The reality is that Chelsea are no longer strongly favoured to overhaul Manchester United in the Premiership race and the authority they displayed in a power-laden group victory over the reigning European champions Barcelona seems to dissipate a little more with every game. So surely it is time to review the grounds for divorce? They are powerful on both sides of the lawyers' table.

Abramovich's petition would surely be based on the disappointment of pre-nuptial calculations. What were his hopes for the marriage? Plainly they were that Mourinho, the most upwardly mobile coach in Europe, would be the safe and brilliant hands to carry his ambition of breaking down inherent hostility to the idea of an unprecedented buying of success. Aware of the hostility his huge wealth and lightly charted background would create in the football world, Abramovich needed a team and a coach who could soften the impact of certain success. He wanted a team of charm as well as efficiency. He didn't want to be hated any more than was necessary.

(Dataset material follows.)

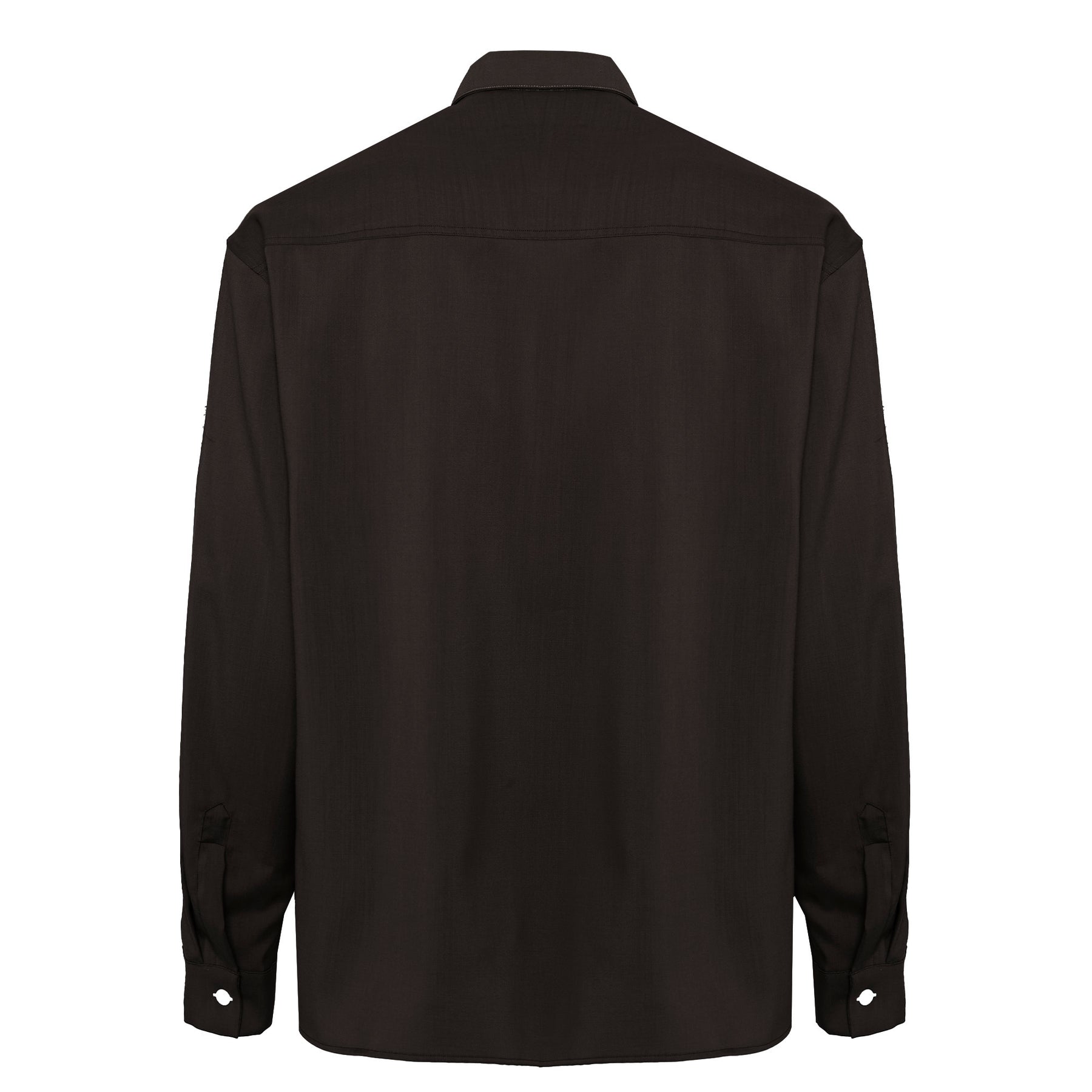 Patchwork design with Italian collar, chest patch pocket and straight hem.

But what did he get? A superbly organised - and motivated - but scarcely thrilling team. Two Premiership titles were gathered in, and that was a deeply impressive performance, but in itself it wasn't enough. Mourinho had vast resources and he was expected to produce something more than mere functionalism. A little spectacle, a little star appeal would have gone a long way at the formative stage of the operation, and we were told officially that it was part of the expectation carried by anyone running the team.

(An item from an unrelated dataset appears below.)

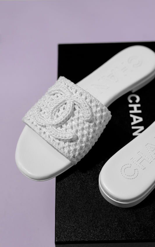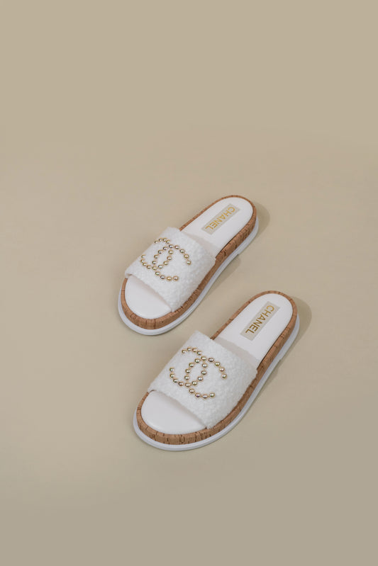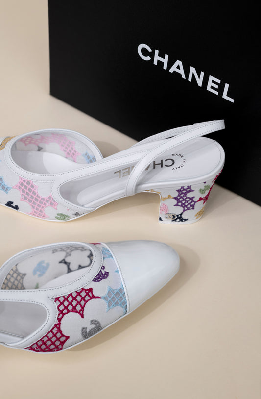 حذاء شانيل مفتوح من الخلف مزين بالزهور باللون الأبيض

The chief executive, Peter Kenyon, made this clear at the time the popular but accident-prone Claudio Ranieri was being led remorselessly towards the chopping block. According to Kenyon, the club wanted a team that won 5-0 - a team that scored spectacular goals. That was on the record, at the suggestion, you had to suspect, of a voice with a Russian accent. But it was not part of Mourinho's plan. Nor can Abramovich have warmed to the Special One's systematic campaign both to draw attention to himself and create a deepening bitterness towards his style, something which only entrenched the widespread dislike of the club.

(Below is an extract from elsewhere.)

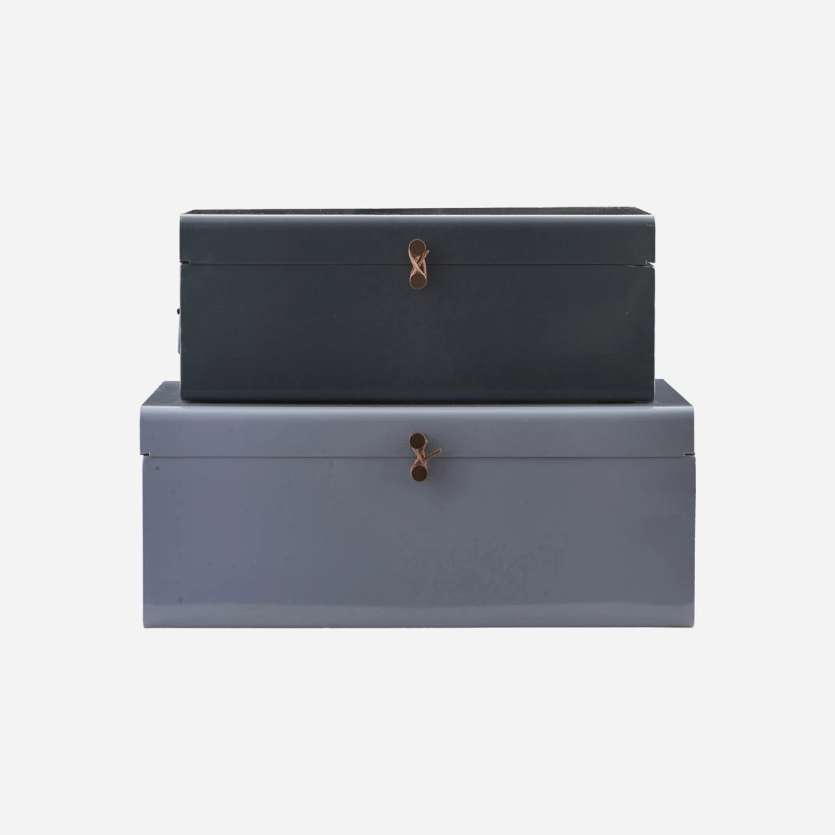 Schönes Koffer-Set von House Doctor aus Stahl. Das Koffer-Set besteht aus zwei schönen Koffern in unterschiedlichen Größen. Perfekt geeignet für die Aufbewahrung von Spielsachen im Kinderzimmer oder für Magazine, Büro-Artikel und andere Dinge und Gegenstände, die nicht im Weg liegen sollen. Die Koffer passen fantastisch in das moderne Zuhause und in jeden beliebigen Raum. Das Set ist aus zwei schönen blauen Farbtönen zusammengesetzt. Die Koffer lassen sich mit einer feinen, kleinen Lederschnur verschließen, die ein zusätzliches Detail darstellt und einen spannenden Kontrast zum Stahl bildet. Der große Metallkoffer hat eine hübsche hellblaue Nuance, während der kleinere Koffer in ansprechendem Dunkelblau gehalten ist. Verwenden Sie sie als schlichtes, dekoratives Detail in Ihrer Einrichtung.

Mourinho said that he saw the Barcelona coach, Frank Rijkaard, go into referee Anders Frisk's room at the Nou Camp. He didn't. He said he didn't attend the egregious meeting with Ashley Cole, then contracted to Arsenal, in a London hotel. He did. He said that the Berkshire ambulance service let down his stricken goalkeeper, Petr Cech. They didn't.

Perhaps if Chelsea were flying now, maybe if the football world had to hold up its hands and say that this is a team guided by an inspired coach who was enhancing the game with the kind of football produced over the years by Sir Alex Ferguson and Arsène Wenger, there might be more tolerance of his liberties with the facts. But the Special One looks less special by the day and so the divorce lawyers are almost certainly flicking through the evidence.

If it is true Mourinho has been turned into a football eunuch by Abramovich's policy shift, if he cannot dictate the composition and thus the shape of the team, what chance has he of augmenting his self-awarded Special One status? He walked out on Benfica after a few days because, he explained, the directors were not sympathetic to his plans and his dreams.

What is the difference now? The hard-headed would say a mere £5m a year, but if you are Mourinho, if you believe so profoundly in your own destiny, would you really worry about where the next pay cheque is coming from? No, you would go about your business in the knowledge that no football club could ever succeed after nobbling its greatest asset, a manager of high talent who knew what he was doing. If Abramovich did indeed push through the so far disastrous signing of his friend Shevchenko, where did that truly leave Mourinho? It made him not the Special One but the hired one.

Ultimately, that is always going to be the reality of football, but some hirelings are big enough, self-confident enough, to insist they will do the job only on their terms. That certainly is what Mourinho claimed when he arrived at Stamford Bridge. Now he tells us: "I have seen the players I want but they're not coming in. It's club business." Or maybe decree nisi.